◆ Records for this exercise ◆
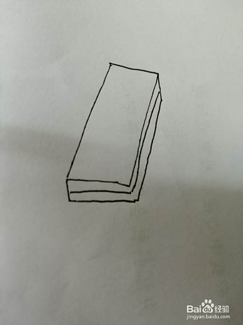 第二步,然后在四边形的下面画出一个横折线,在中间部分画出几条纹路。
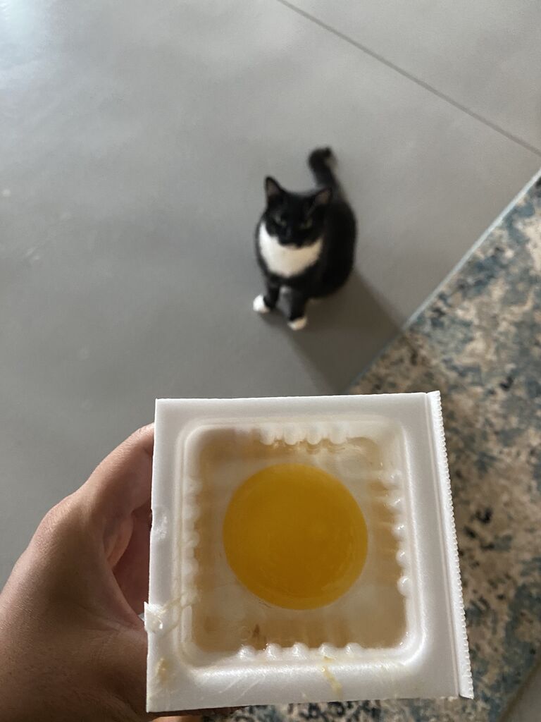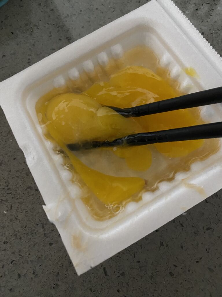 (洗い物減らすために、納豆のパック再活用中)
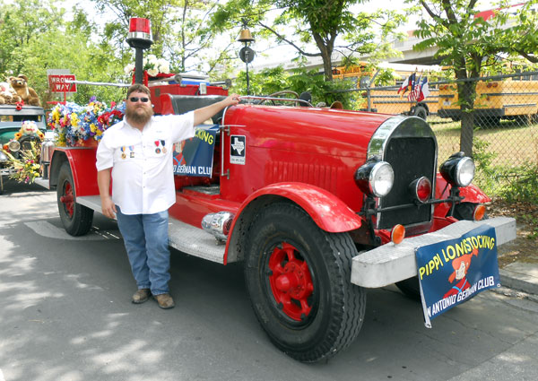 Clint Bitterly with the 1924 Buffalo fire truck he drove in the April 2014 "Battle of Flowers" Fiesta parade
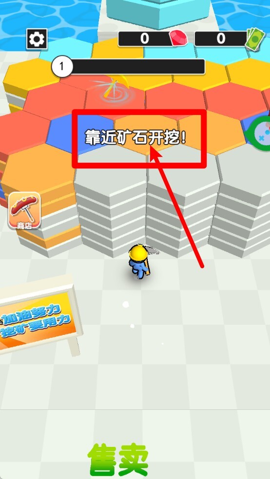 1.采矿操作提示:当靠近彩色砖块所在区域时,系统会自动弹出“靠近矿石开挖”的提示,此时便可开展挖掘与收集操作。
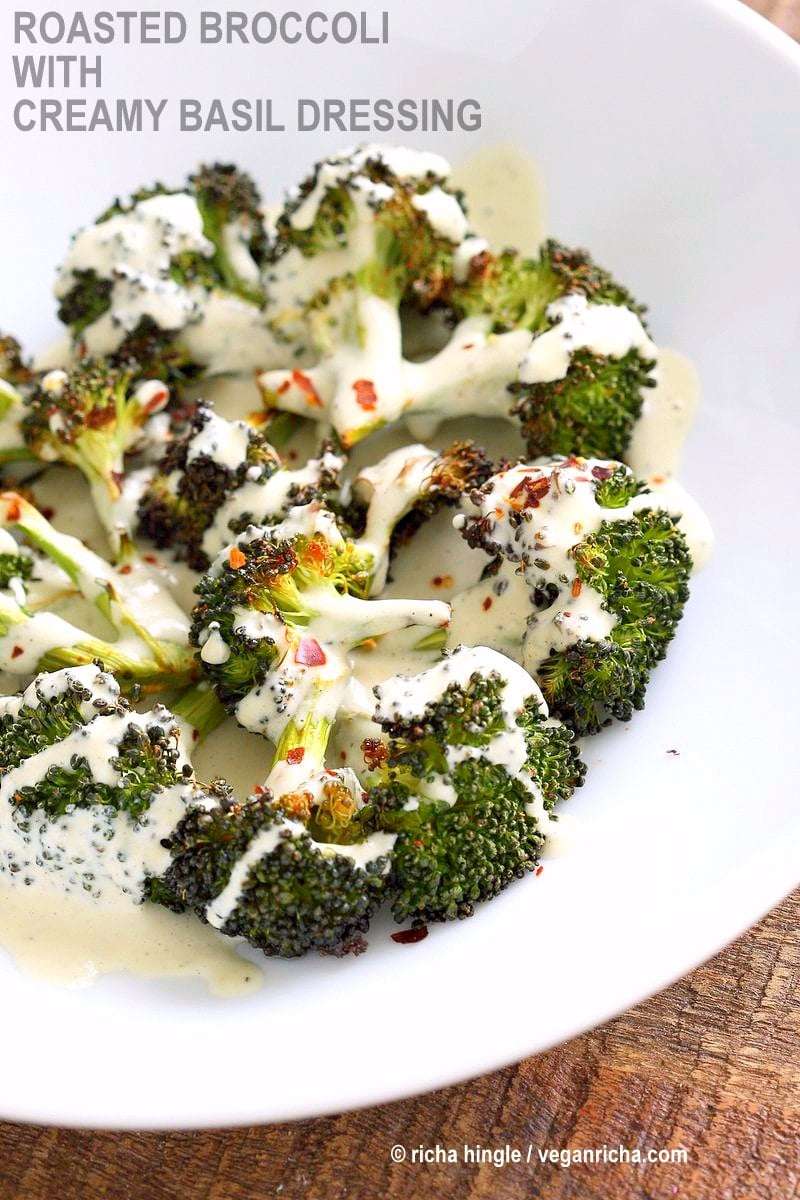 Roasted Broccoli with Creamy Basil Dressing. Broccoli tossed in garlic, cayenne, and baked. Served with cheesy cashew basil sauce. Vegan Gluten-free soy-free Recipe
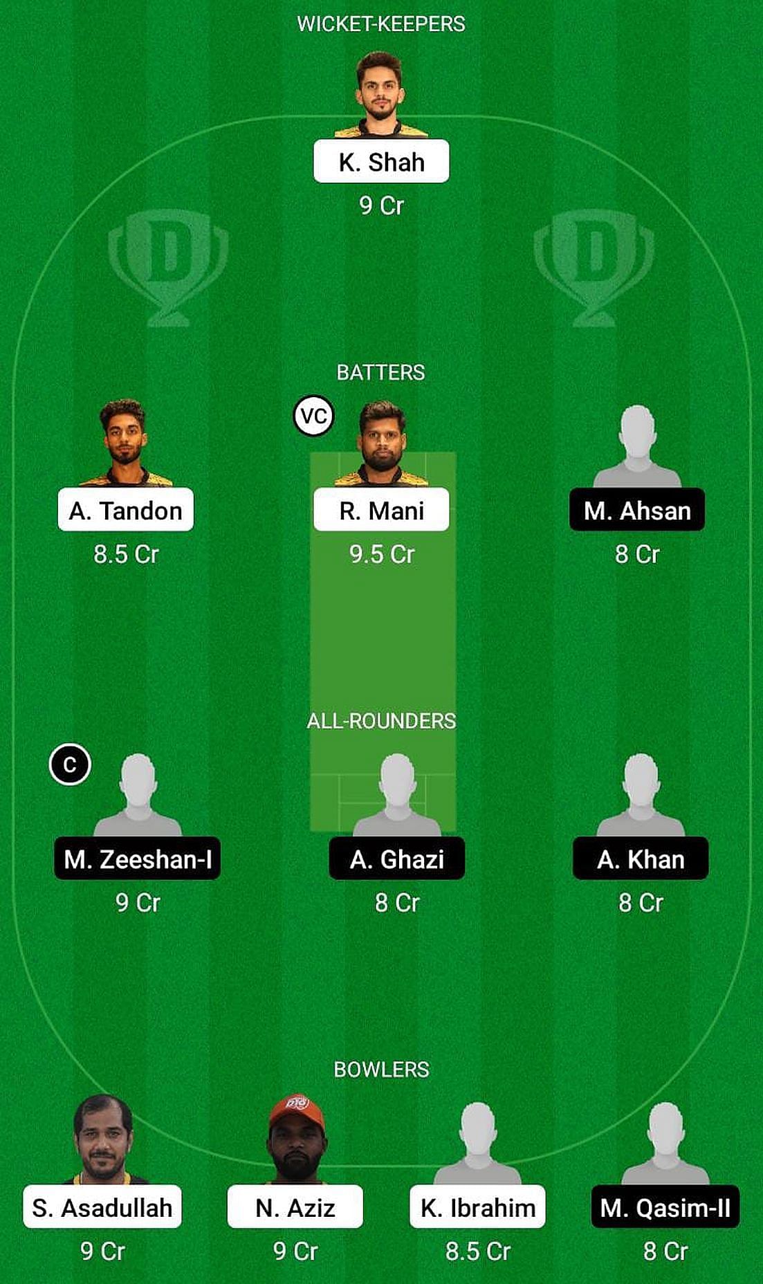 Captain: Malik Ahsan. Vice-captain: Khalid Shah

◆ Exercise directions ◆
Only the lines from the one containing "1.采矿操作提示:当靠近彩色" through the final line of the data should be given again, exactly and without pictures.

◆ Problem solution ◆
 1.采矿操作提示:当靠近彩色砖块所在区域时,系统会自动弹出“靠近矿石开挖”的提示,此时便可开展挖掘与收集操作。
 Roasted Broccoli with Creamy Basil Dressing. Broccoli tossed in garlic, cayenne, and baked. Served with cheesy cashew basil sauce. Vegan Gluten-free soy-free Recipe
 Captain: Malik Ahsan. Vice-captain: Khalid Shah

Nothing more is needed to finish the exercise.